Each line from the first line of the entries through the line holding "Часто необходимо считать" is to be restated word for word; nothing else, and no picture, belongs in the answer.

** Opening Data supplied block **

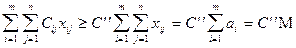 Выберем из значений Cij наибольшее C¢ = max Cij и заменим в линейной функции ( 1 ) все коэффициенты на C¢ тогда, учитывая ( 2 ) , получим
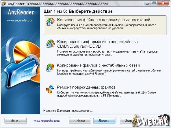 Часто необходимо считать данные с поврежденных "флешэк", дискет, поцарапанных DVD/CD-дисков, ненадежных сетей LAN (Wi-Fi). Обычными средствами это будет сделать, скорее всего, невозможно. Для таких случаев и существует программа AnyReader, которая выручит вас в подобной ситуации и легко прочитает, казалось бы, уже потерянную ценную информацию с любых носителей, которые доступны как буква диска в операционной системе Windows. Продолжение чтения (копирования) данных после возникающих ошибок или потери соединения в сети является уникальной возможностью программы AnyReader.
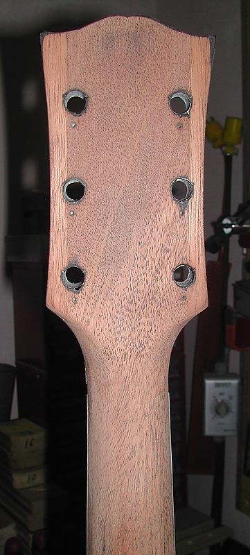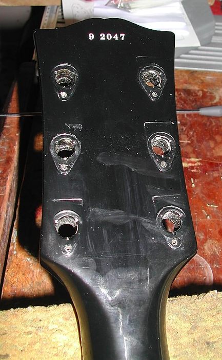 A continuación os pongo un par de fotos de la trasera de la pala. La primera, ya vista antes más arriba, es tal y como estaba pintada en poliuretano y con el número de serie tipo "Letraset". A continuación la pala ya lacada en nitrocelulosa, con los clavijeros ya instalados y con el número de serie hecho, como ya vimos, con un tampón con la fuente correcta, respetando el modo de hacer de esa época:
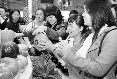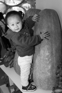 在現(xiàn)代農(nóng)業(yè)“五新”展區(qū),一位來自華安縣的小孩正在與一個巨型冬瓜比比看誰高。 常剛 攝
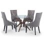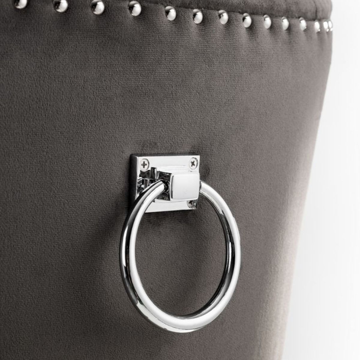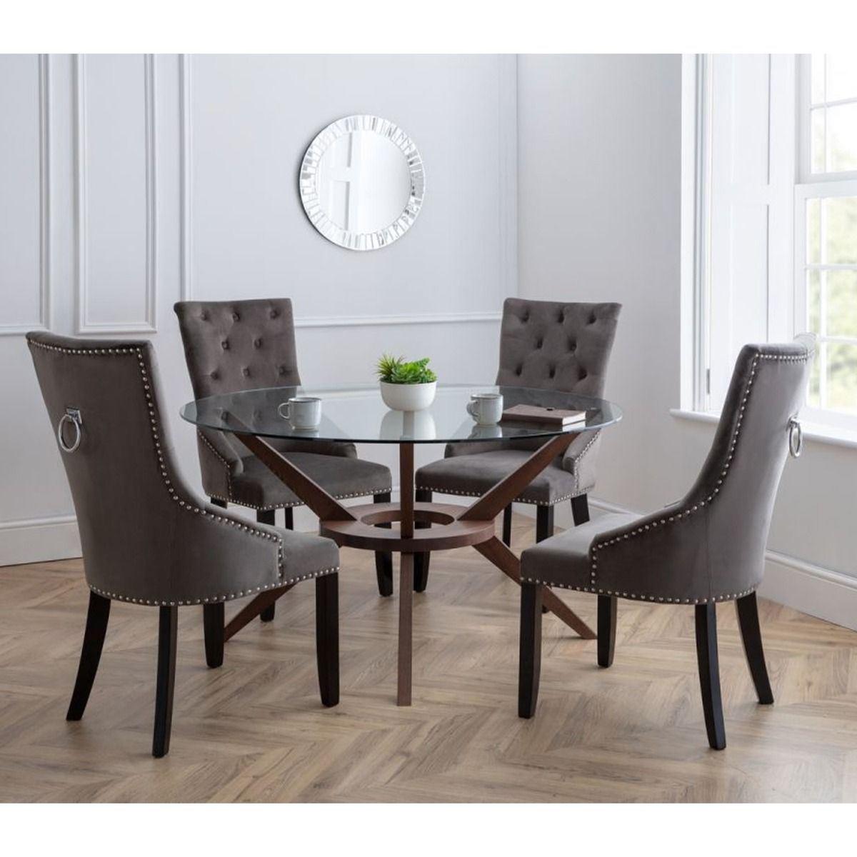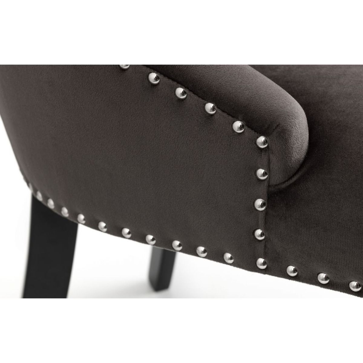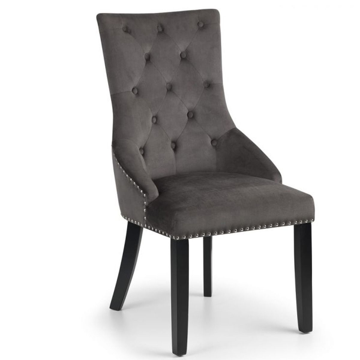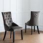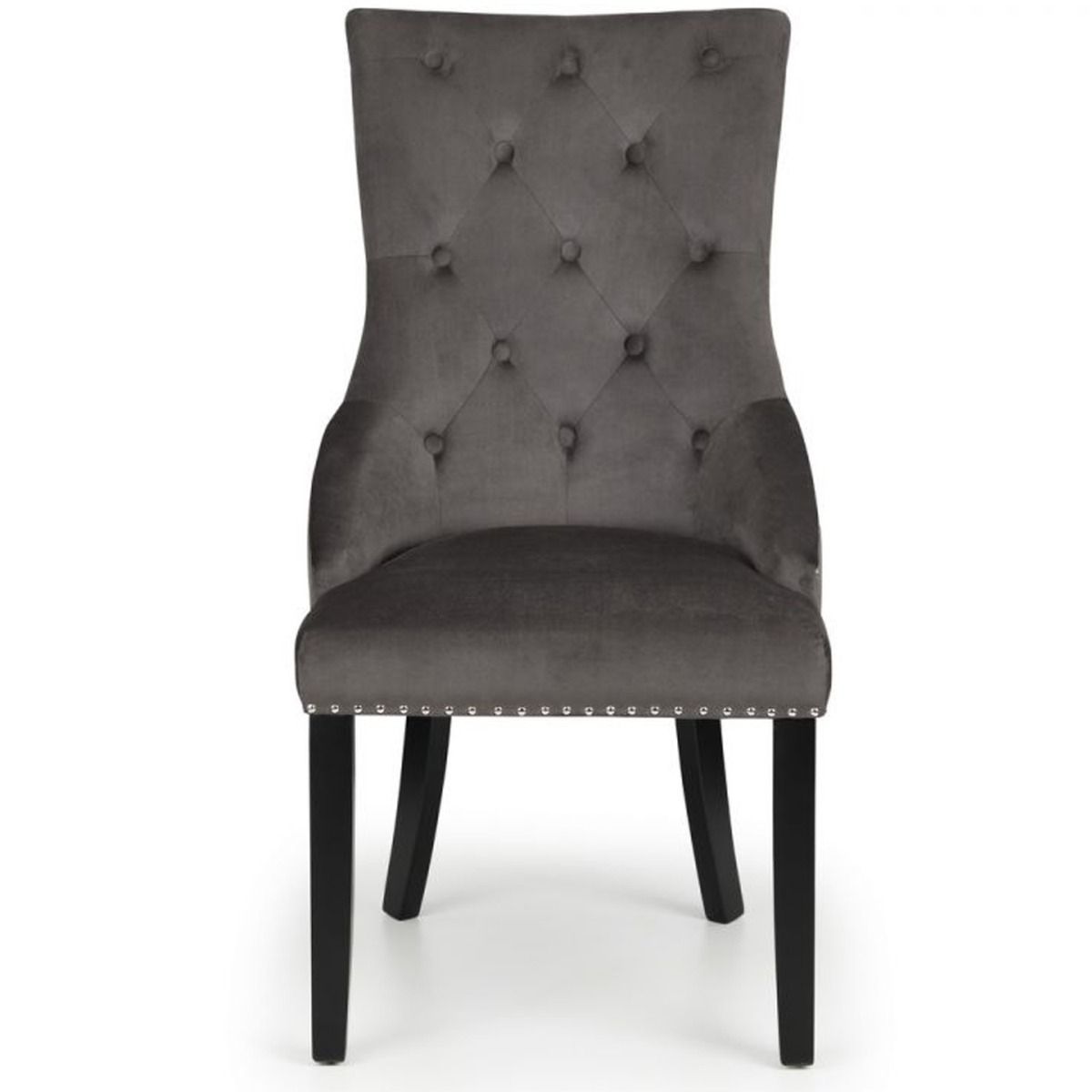 Upholstered in a soft touch luxurious grey velvet fabric, the Veneto Knockerback chair has a metal ring detail on the back along with glamourous deep buttoning and a metal stud trim.

** Closing Data supplied block **

■ **Answer to the exercise**:
 Выберем из значений Cij наибольшее C¢ = max Cij и заменим в линейной функции ( 1 ) все коэффициенты на C¢ тогда, учитывая ( 2 ) , получим
 Часто необходимо считать данные с поврежденных "флешэк", дискет, поцарапанных DVD/CD-дисков, ненадежных сетей LAN (Wi-Fi). Обычными средствами это будет сделать, скорее всего, невозможно. Для таких случаев и существует программа AnyReader, которая выручит вас в подобной ситуации и легко прочитает, казалось бы, уже потерянную ценную информацию с любых носителей, которые доступны как буква диска в операционной системе Windows. Продолжение чтения (копирования) данных после возникающих ошибок или потери соединения в сети является уникальной возможностью программы AnyReader.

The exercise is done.